By the PBW theorem, $V = \sum \mathbb{C} f_{i_1}^{k_d} \cdots f_{i_d}^{k_d} v_{\Lambda}$, where the sum is over all possible choices of $d$, $i_1, \ldots, i_d$, and $k_1, \ldots, k_d$. Looking at point $3$ above, we can see that every such spanning vector is in a weight space, for example $f_1^2 f_3 v_{\Lambda} \in V_{\Lambda - 2 \alpha_1 - \alpha_3}$. Since $V$ is spanned by weight vectors, it is a weight representation.

We can already see that every weight of $V$ is bounded above by $\Lambda$, since $\lambda \geq \lambda - \alpha_i$ for all $\lambda$ and $\alpha_i$. In particular, if $V_{\lambda} \neq 0$ then $\lambda \leq \Lambda$.

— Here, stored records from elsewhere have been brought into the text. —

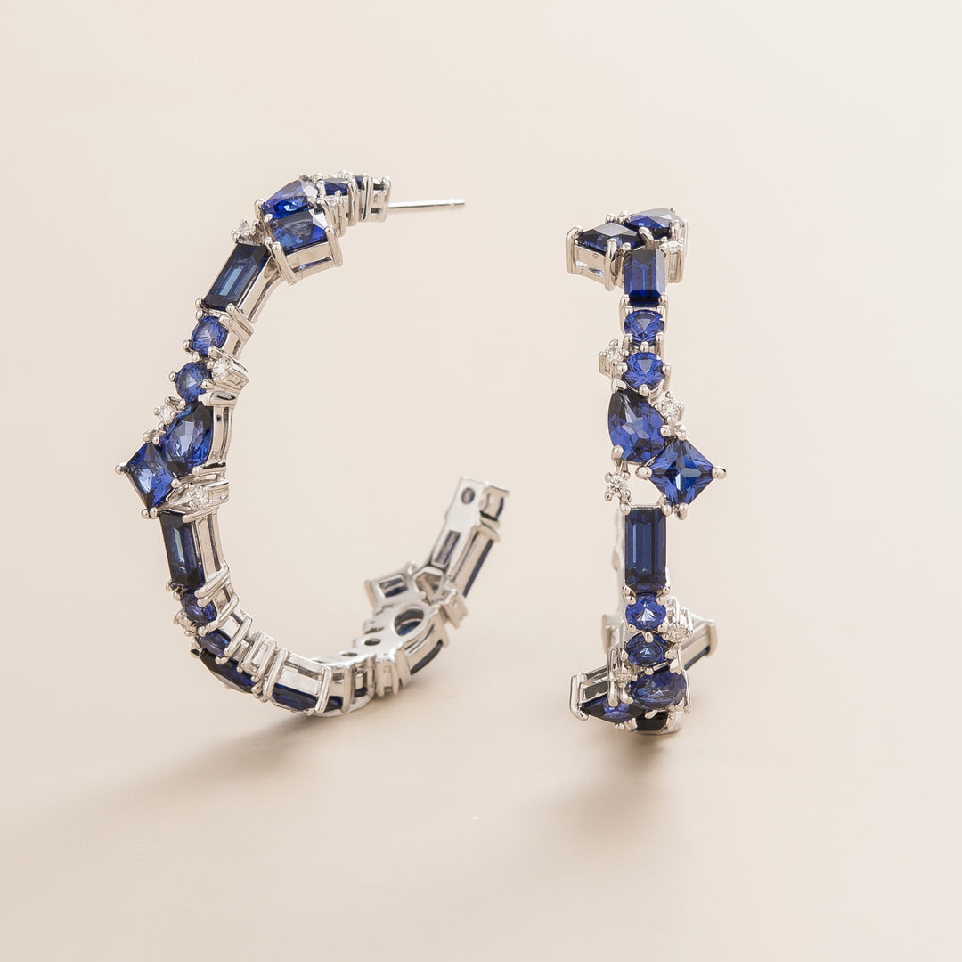 Lanna large hoop earrings in white gold set with Blue sapphires and Diamonds.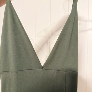 Stylish olive green sleeveless dress with a slit. Perfect for any occasion. In perfect condition. Never worn!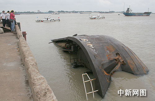 10時54分,“捷海19”最終發(fā)生側(cè)翻,僅船頭部分露出水面。船上7名船員中1人及時跳上了碼頭,其余6人落水。在現(xiàn)場海巡艇、協(xié)助搜救船舶的奮力營救下,6人落水人員全部獲救。同時,張家港海事局調(diào)集了3艘打撈工程船實施打撈作業(yè),安排了圍油欄和清污船做好現(xiàn)場的防污和清污工作。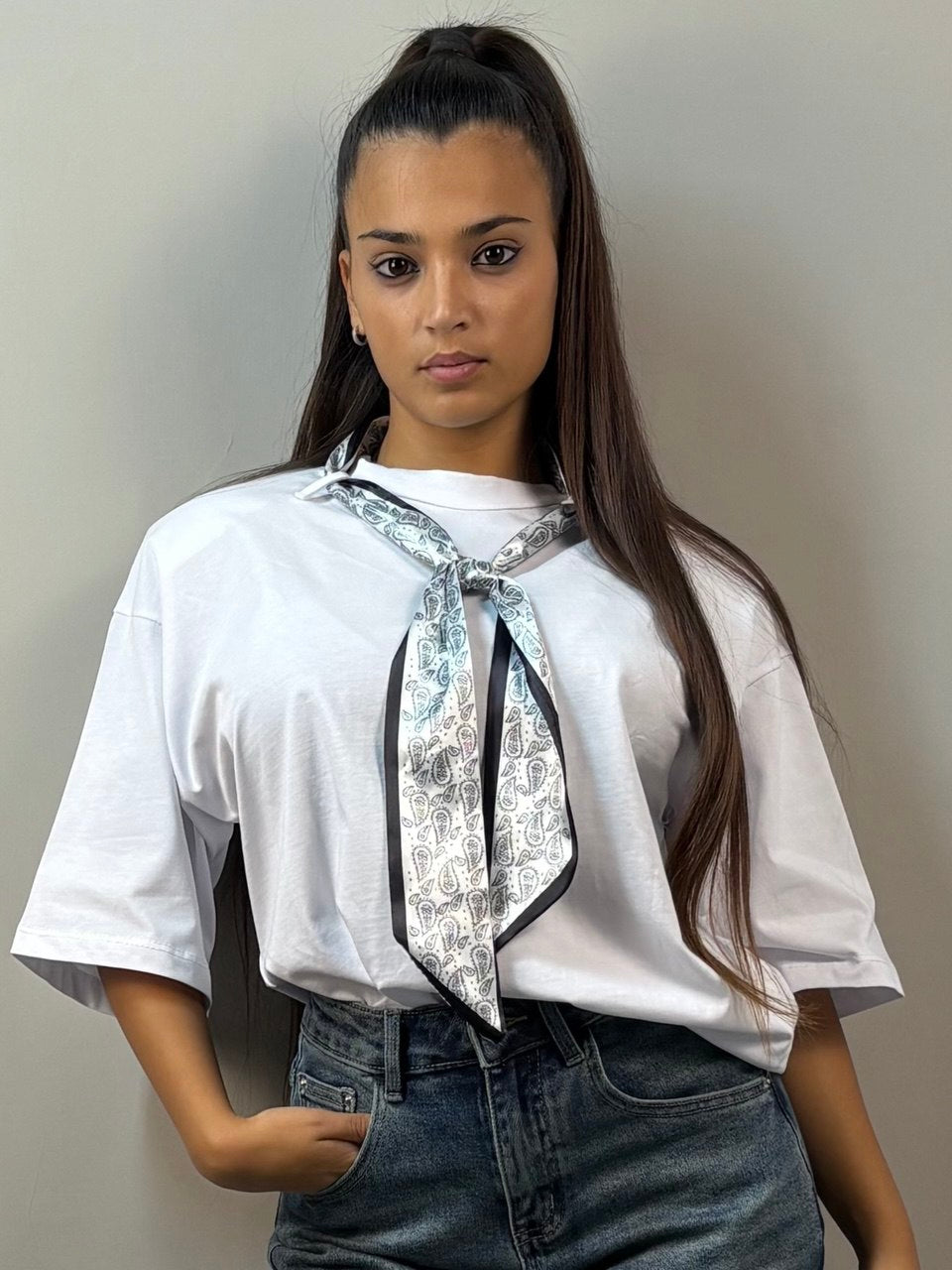 La tshirt foulard taglia unica con spalline over unisce stile e comfort in un capo versatile. Il design con spalline oversize aggiunge un tocco moderno, mentre la taglia unica si adatta facilmente a diverse conformazioni. Perfetta per un outfit casual e di tendenza, questa tshirt è ideale da abbinare sia a jeans che a gonne per un look fresco e originale della just west .

As for finite-dimensionality, this comes from the fact that the simple roots are linearly independent, and there are only so many ways of writing a sequence $f_{i_1} \ldots f_{i_d} v_{\Lambda}$ so that the resulting vector is in the correct weight space. Take for example $\lambda = \Lambda - 2 \alpha_1 - \alpha_3$ Then $\lambda - \Lambda = 2 \alpha_1 + \alpha_3$ is an element of the root lattice, with "height" 3. There are only three sequences of $f_i$ that lead to vectors with this weight, namely $f_1^2 f_3 v_{\Lambda}$, $f_1 f_3 f_1 v_{\Lambda}$, and $f_3 f_1^2 v_{\Lambda}$. Therefore $\dim V_{\Lambda - 2 \alpha_1 - \alpha_3} \leq 3$. These inequalities do not in general give good bounds on the dimensions of weight spaces, but all the bounds they give show that the weight spaces are finite-dimensional, which is all that we need.